### Aim of the exercise
What's needed is the listing below, repeated word for word with no pictures.

### Supplied data
━━━━

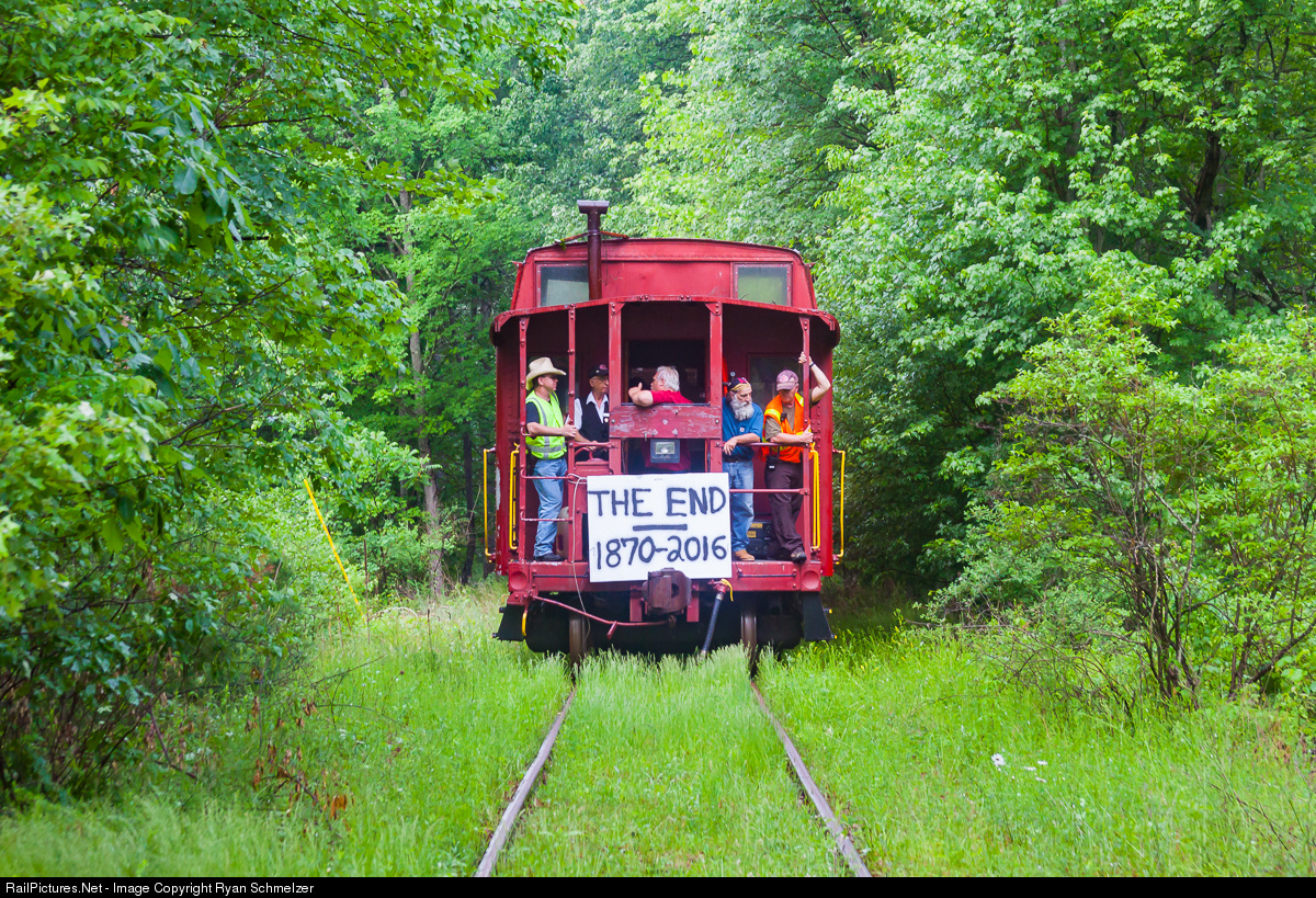 | After revenue runs ended, the Catskill Mt. Railroad ran one more train for employees and friends of the railroad. The train traveled from Kingston to the end of passable track. Here the train has just crossed Rt. 28A and is headed into the woods with ongoing rainstorms reinforcing everyone's mood about the railroad's fate. The sign is especially fitting, as this is almost guaranteed to be the last train to operate over these rails. |
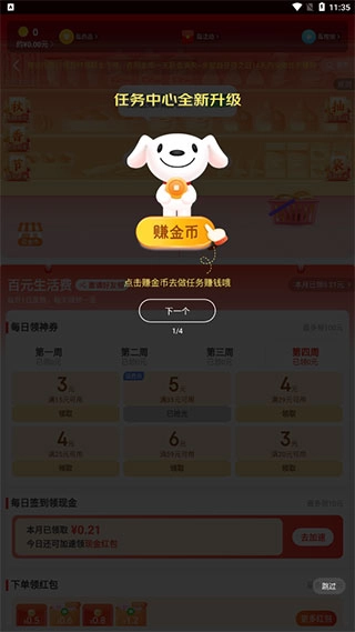 4、【主菜单】不同于京东点击【赚钱】按钮在任务中心赚钱。
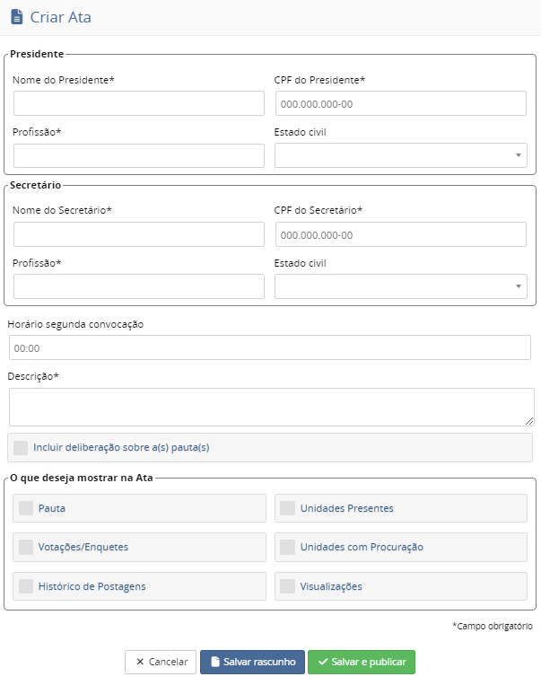 Após o encerramento da assembleia poderá criar a ata selecionando as informações que irão compor o documento.
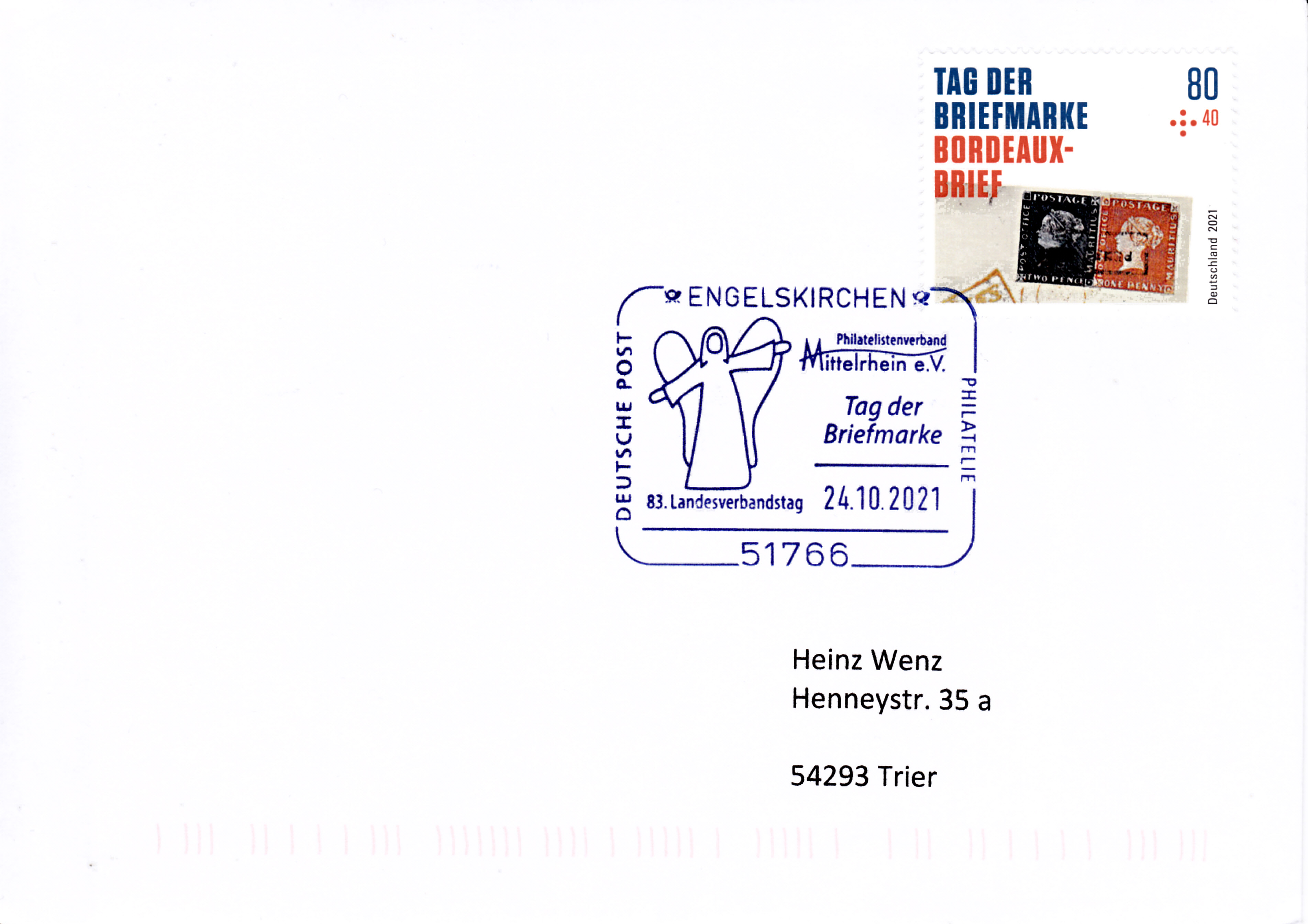 Sonderstempel zum Tag der Briefmarke 2021 aus Engelskirchen vom 23.10.2021.

━━━━

### Task result
 | After revenue runs ended, the Catskill Mt. Railroad ran one more train for employees and friends of the railroad. The train traveled from Kingston to the end of passable track. Here the train has just crossed Rt. 28A and is headed into the woods with ongoing rainstorms reinforcing everyone's mood about the railroad's fate. The sign is especially fitting, as this is almost guaranteed to be the last train to operate over these rails. |
 4、【主菜单】不同于京东点击【赚钱】按钮在任务中心赚钱。
 Após o encerramento da assembleia poderá criar a ata selecionando as informações que irão compor o documento.
 Sonderstempel zum Tag der Briefmarke 2021 aus Engelskirchen vom 23.10.2021.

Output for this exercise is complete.